* WHAT YOU HAVE TO DO:
Please copy every record below exactly and leave out the pictures.

* EXTRACTED DATA:
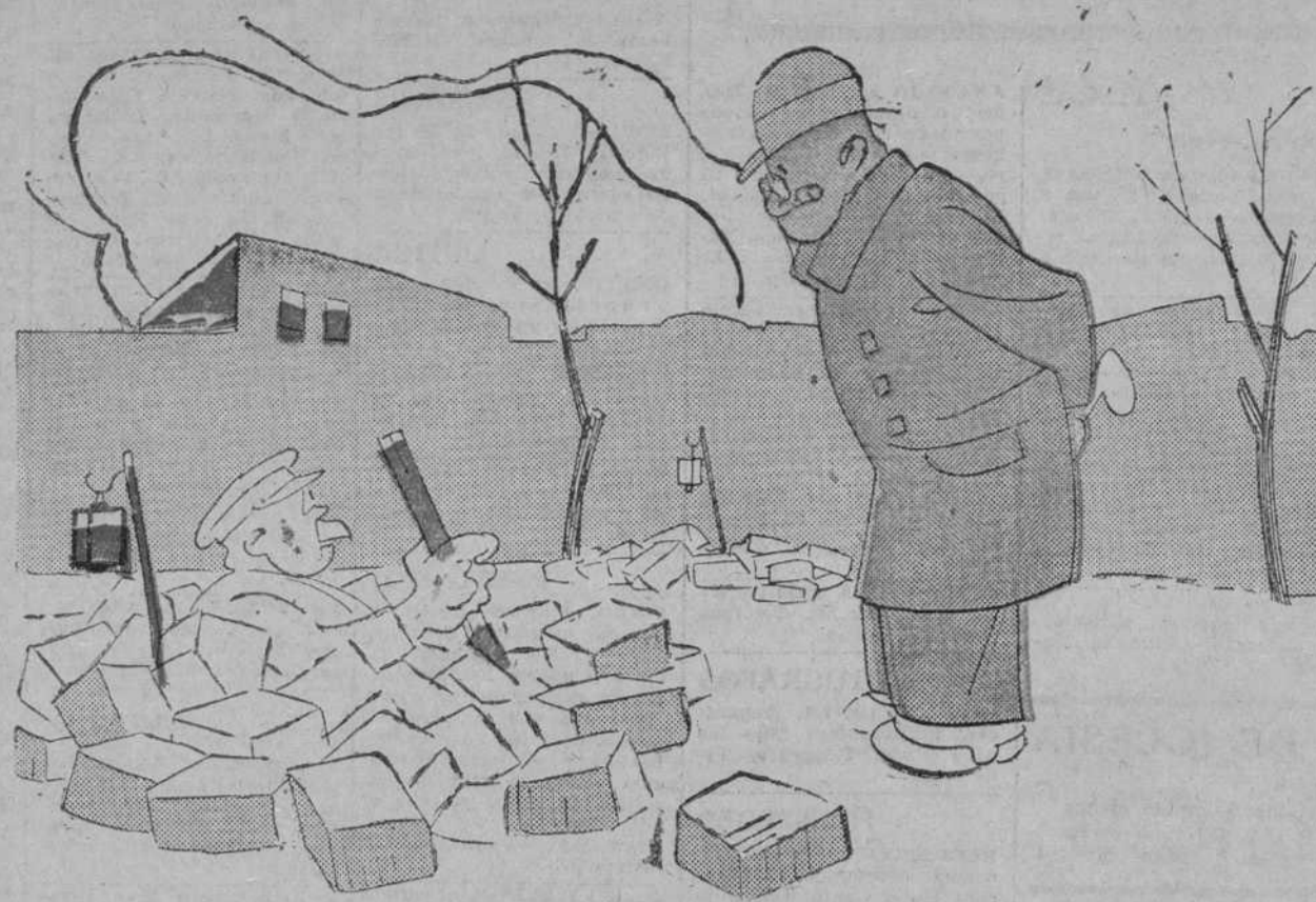
EL MEDICO DISTRAIDO.—Pierden ustedes el tiempo lamentablemente. Lo que le conviene al subsuelo es pasar una temporada en la Sierra.
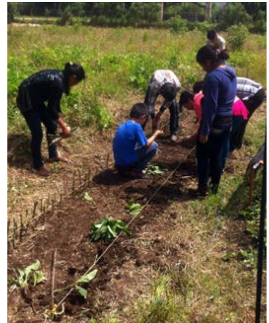
Alumnos de la secundaria sembrando barreras productoras de biomasa para material de composta.
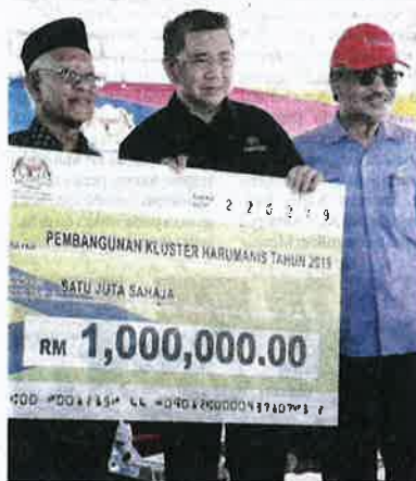
Pembangunan Kluster tanaman mangga antara yang menerima bantuan daripada Kerajaan Persekutuan.
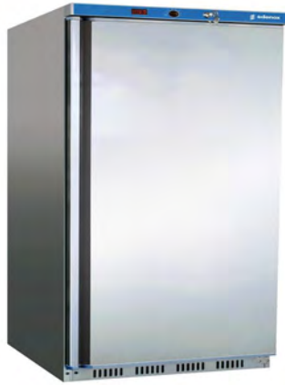
Frio Comercial - Armarios refrigerados en ABS - Armarios refrigerados
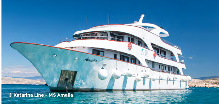
© Katarina Line - MS Amalia

Cette région vous fera voir certains des plus beaux villages et paysages de la Savoie dont Sixt-Fer-à-Cheval et son cirque naturel et le Grand Bornand.
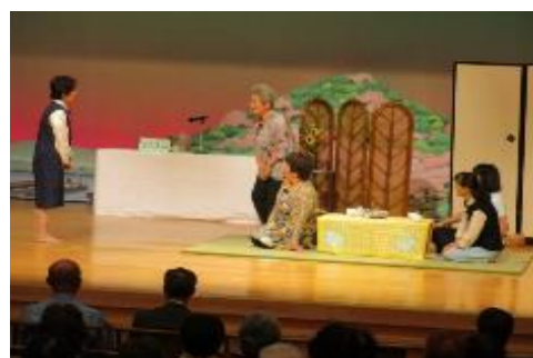
悪質商法被害防止の啓発劇
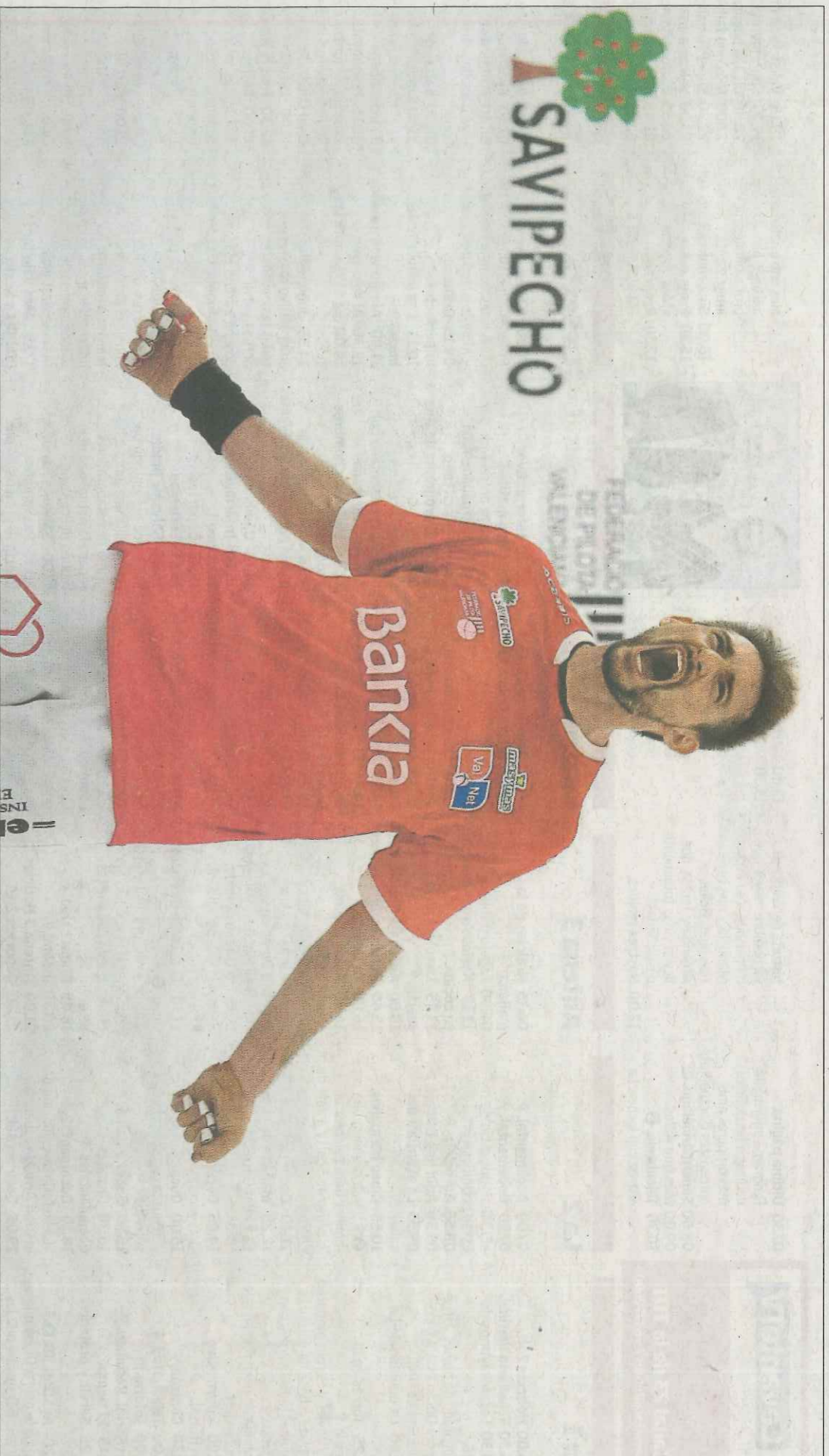
Soro III manté en el Trofeu Savipecho l'excel·lent nivell que va exhibir en el passat Individual. VAL·NET

* FINISHED TASK:
EL MEDICO DISTRAIDO.—Pierden ustedes el tiempo lamentablemente. Lo que le conviene al subsuelo es pasar una temporada en la Sierra.
Alumnos de la secundaria sembrando barreras productoras de biomasa para material de composta.
Pembangunan Kluster tanaman mangga antara yang menerima bantuan daripada Kerajaan Persekutuan.
Frio Comercial - Armarios refrigerados en ABS - Armarios refrigerados
© Katarina Line - MS Amalia

Cette région vous fera voir certains des plus beaux villages et paysages de la Savoie dont Sixt-Fer-à-Cheval et son cirque naturel et le Grand Bornand.
悪質商法被害防止の啓発劇
Soro III manté en el Trofeu Savipecho l'excel·lent nivell que va exhibir en el passat Individual. VAL·NET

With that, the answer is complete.